HOW TO COMPLETE THIS TASK: Starting with the line that holds "展望中国资产管理市场规模及五" and stopping after the line that holds "华虹公司作为重资产科技公司,盈利水平受折", repeat the lines below word for word, without the pictures.
====== INFORMATION SHOWN
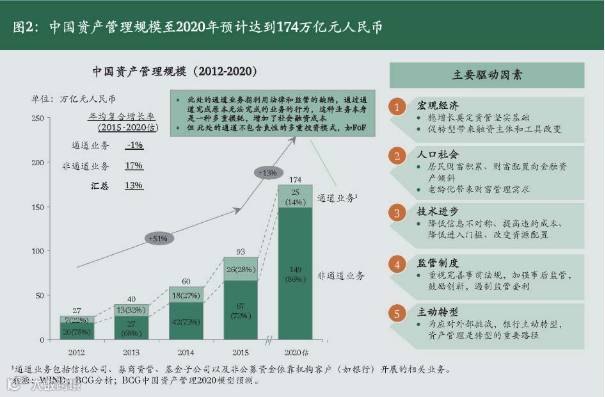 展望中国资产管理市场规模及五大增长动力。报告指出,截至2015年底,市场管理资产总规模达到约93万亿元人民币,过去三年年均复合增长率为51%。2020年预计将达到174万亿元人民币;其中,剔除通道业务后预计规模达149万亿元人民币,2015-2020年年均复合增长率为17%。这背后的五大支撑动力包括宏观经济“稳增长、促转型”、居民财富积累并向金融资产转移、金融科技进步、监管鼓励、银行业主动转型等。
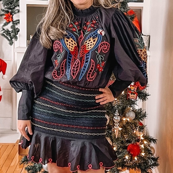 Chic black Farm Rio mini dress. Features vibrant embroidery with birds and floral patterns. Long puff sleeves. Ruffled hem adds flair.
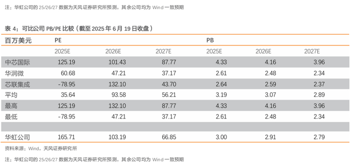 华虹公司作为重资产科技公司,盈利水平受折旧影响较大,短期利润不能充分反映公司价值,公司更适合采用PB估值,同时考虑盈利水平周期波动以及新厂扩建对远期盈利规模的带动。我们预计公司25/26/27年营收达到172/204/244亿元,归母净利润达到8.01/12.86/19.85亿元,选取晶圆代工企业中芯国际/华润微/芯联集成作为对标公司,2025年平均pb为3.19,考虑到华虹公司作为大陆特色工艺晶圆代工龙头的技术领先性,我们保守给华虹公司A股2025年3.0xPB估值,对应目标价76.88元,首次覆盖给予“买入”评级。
============
====== INFORMATION SHOWN
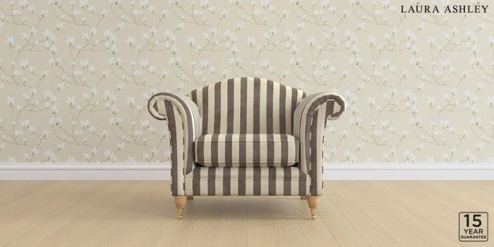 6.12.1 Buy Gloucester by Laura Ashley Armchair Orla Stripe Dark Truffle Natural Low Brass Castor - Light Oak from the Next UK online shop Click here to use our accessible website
============
ANSWER TO THIS PROBLEM:
 展望中国资产管理市场规模及五大增长动力。报告指出,截至2015年底,市场管理资产总规模达到约93万亿元人民币,过去三年年均复合增长率为51%。2020年预计将达到174万亿元人民币;其中,剔除通道业务后预计规模达149万亿元人民币,2015-2020年年均复合增长率为17%。这背后的五大支撑动力包括宏观经济“稳增长、促转型”、居民财富积累并向金融资产转移、金融科技进步、监管鼓励、银行业主动转型等。
 Chic black Farm Rio mini dress. Features vibrant embroidery with birds and floral patterns. Long puff sleeves. Ruffled hem adds flair.
 华虹公司作为重资产科技公司,盈利水平受折旧影响较大,短期利润不能充分反映公司价值,公司更适合采用PB估值,同时考虑盈利水平周期波动以及新厂扩建对远期盈利规模的带动。我们预计公司25/26/27年营收达到172/204/244亿元,归母净利润达到8.01/12.86/19.85亿元,选取晶圆代工企业中芯国际/华润微/芯联集成作为对标公司,2025年平均pb为3.19,考虑到华虹公司作为大陆特色工艺晶圆代工龙头的技术领先性,我们保守给华虹公司A股2025年3.0xPB估值,对应目标价76.88元,首次覆盖给予“买入”评级。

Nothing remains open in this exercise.